Standish Park Arboretum was founded by Dr. John Van Ness Standish, direct descendant of Miles Standish of the Mayflower Colony, in 1873. Dr. Standish was a horticulture specialist and personally oversaw the plantings of 122 trees and 115 shrubs. He was involved with the establishment of the Galesburg Horticultural Society in 1873 and the Park Commission Board in 1876. He helped shape the policy of the park and transformed it into a park of exceeding beauty. He nurtured the park until his death in 1919.

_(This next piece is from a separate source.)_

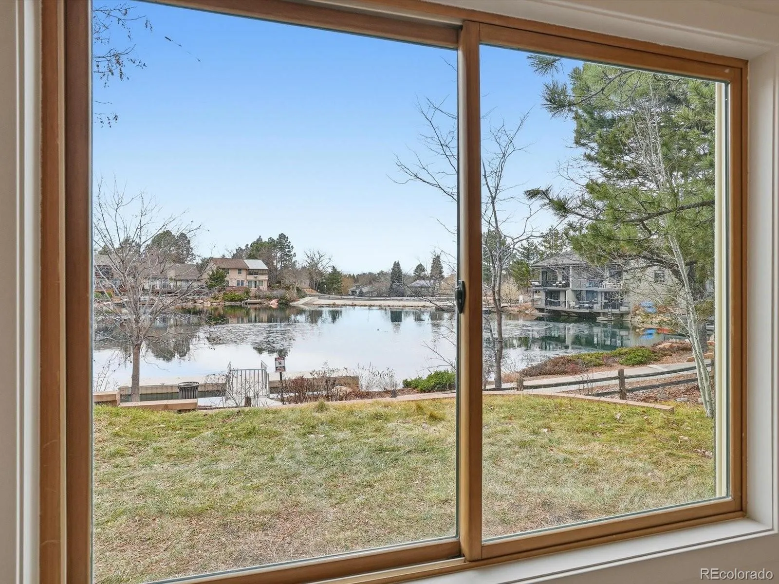 The home offers five bedrooms and four bathrooms, including a beautifully finished basement that adds valuable living space with an additional bedroom and bathroom, ideal for guests, a private retreat, or recreation room. The primary suite is a true sanctuary, complete with a fireplace and private deck overlooking the lake. Two additional main-floor bedrooms provide exceptional versatility, including one with an en-suite bath and another ideal for a home office or guest room. Step outside to the expansive lake-view patio, perfect for morning coffee, evening dinners against a serene water backdrop. With only a limited number of homes positioned directly on the lake, this is a rare opportunity to own a premier waterfront property. All of this is enhanced by award-winning Cherry Creek Schools and easy access to the DTC, I-25, downtown Denver, DIA, shopping, dining, and entertainment. This is refined Colorado luxury, where thoughtful design and an unmatched setting come together.

In the 1950s, Knox College classes in advanced taxonomy re-identified and tagged trees. In the 1970s, the Ray Brown Restoration Project set out to identify original trees and shrubs. They planted 37 trees and 6 shrubs in addition to their inventory work. In 1989, the SPRUCE committee (Standish Park Restoration Undertaking with Creative Enthusiasm) formed to replant and nurture Standish Park. As a result of their work, 38 trees and 3 shrubs were planted. In 2003, Standish Park was designated an Arboretum by the Galesburg City Council., and concurrently, the University of Illinois Extension Master Gardener volunteers re-identified the inventory of trees and shrubs in Standish Park Arboretum. Subsequently, the inventory was also re-tagged and efforts are underway to encourage more visitors to the Arboretum.

From 2004 to 2012, the park was used as the site of the Galesburg Scarecrow Festival, an artisan festival and market occurring in the early fall. The park, since 2003, has also been the location for the city's "Art-in-the-park" festival.